- **Activity**
Pictures must not appear in the copy. Restate exactly the lines below from the one with "Молодая красивая женщина" through the one with "鼓山圖書館 12月12日召集", inclusive.
────────────────────────────────────────
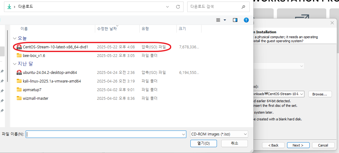 CentOS를 설치하고 받은 파일의 경로를 들어가서 ISO 파일을 선택해준다.
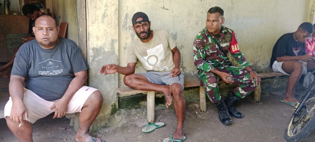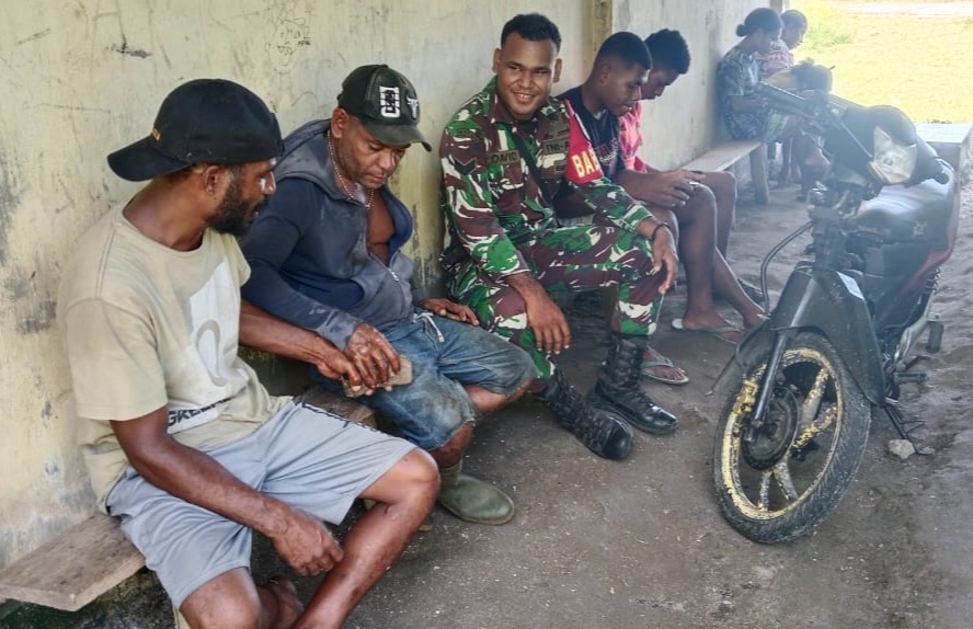 Sertu David Mnsen silaturahmi ke masyarakat Kampung Maniri untuk mempererat silaturahmi. (Foto: Penerangan Kodim 1708/BN)
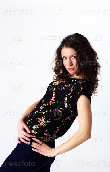 Молодая красивая женщина позирует в студии на светлом фоне
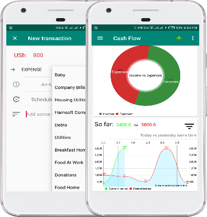 Record all your daily cash flows, Income and Expenses, in categories and optional backup with only your phone.
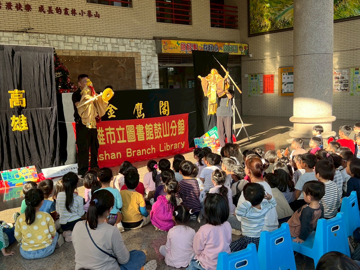 鼓山圖書館 12月12日召集細漢囝仔作伙「入棚尬台語」,特別邀請南臺灣赫赫有名的「金鷹閣電視木偶劇團」跨區楠梓翠屏非營利幼兒園,帶來熱鬧滾滾、鑼鼓聲陣陣的主題式互動布袋戲《跟著偶來學臺語、跟著偶來逞英雄》。金鷹閣團長陳皇寶領軍上陣,以十三年高雄市傑出演藝團隊的氣勢,讓校園彷彿瞬間變成小小戲棚,將台灣布袋戲文化的精隨,用最親民、最可愛的方式扎根在孩子心中。
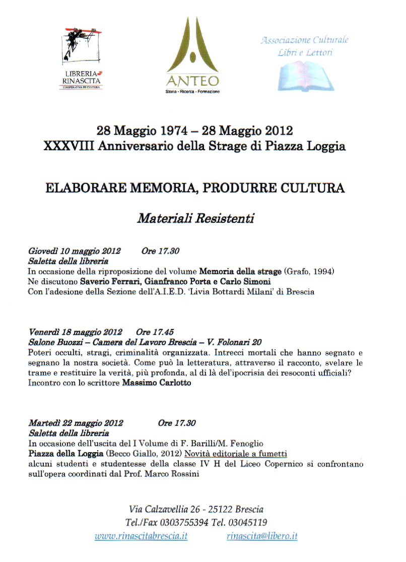 In occasione della riproposizione del volume Memoria della Strage (Grafo, 1994) ne discutono Saverio Ferrari, Gianfranco Porta e Carlo Simoni.
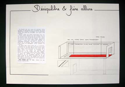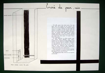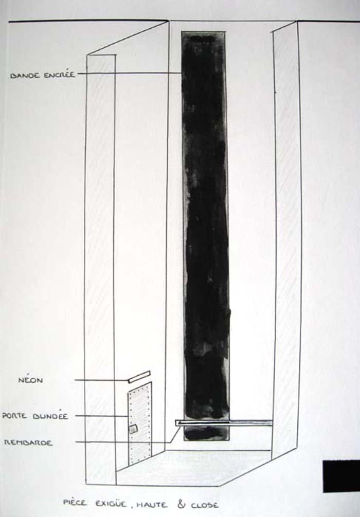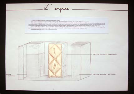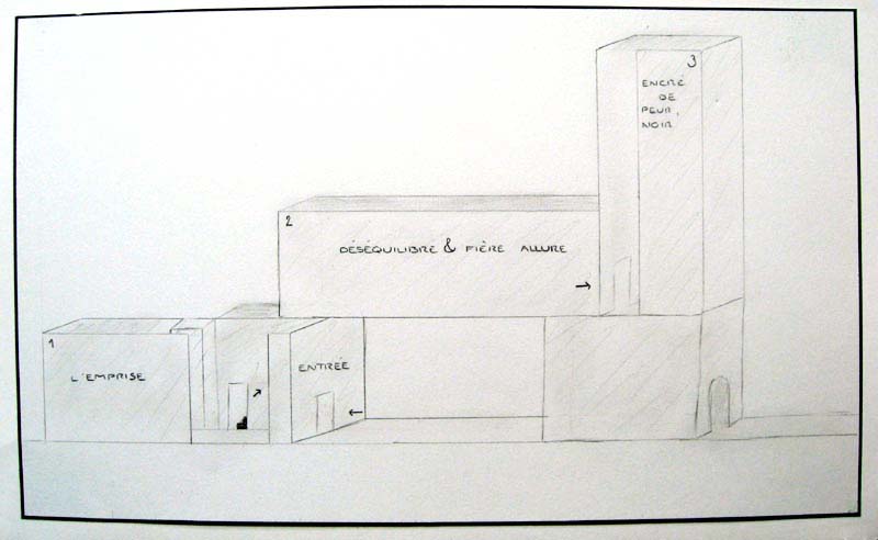 A travers textes et dessins, le projet d'un espace où le spectateur déambulerait et serait marqué par le lieu.
────────────────────────────────────────
- **Solved problem**
 Молодая красивая женщина позирует в студии на светлом фоне
 Record all your daily cash flows, Income and Expenses, in categories and optional backup with only your phone.
 鼓山圖書館 12月12日召集細漢囝仔作伙「入棚尬台語」,特別邀請南臺灣赫赫有名的「金鷹閣電視木偶劇團」跨區楠梓翠屏非營利幼兒園,帶來熱鬧滾滾、鑼鼓聲陣陣的主題式互動布袋戲《跟著偶來學臺語、跟著偶來逞英雄》。金鷹閣團長陳皇寶領軍上陣,以十三年高雄市傑出演藝團隊的氣勢,讓校園彷彿瞬間變成小小戲棚,將台灣布袋戲文化的精隨,用最親民、最可愛的方式扎根在孩子心中。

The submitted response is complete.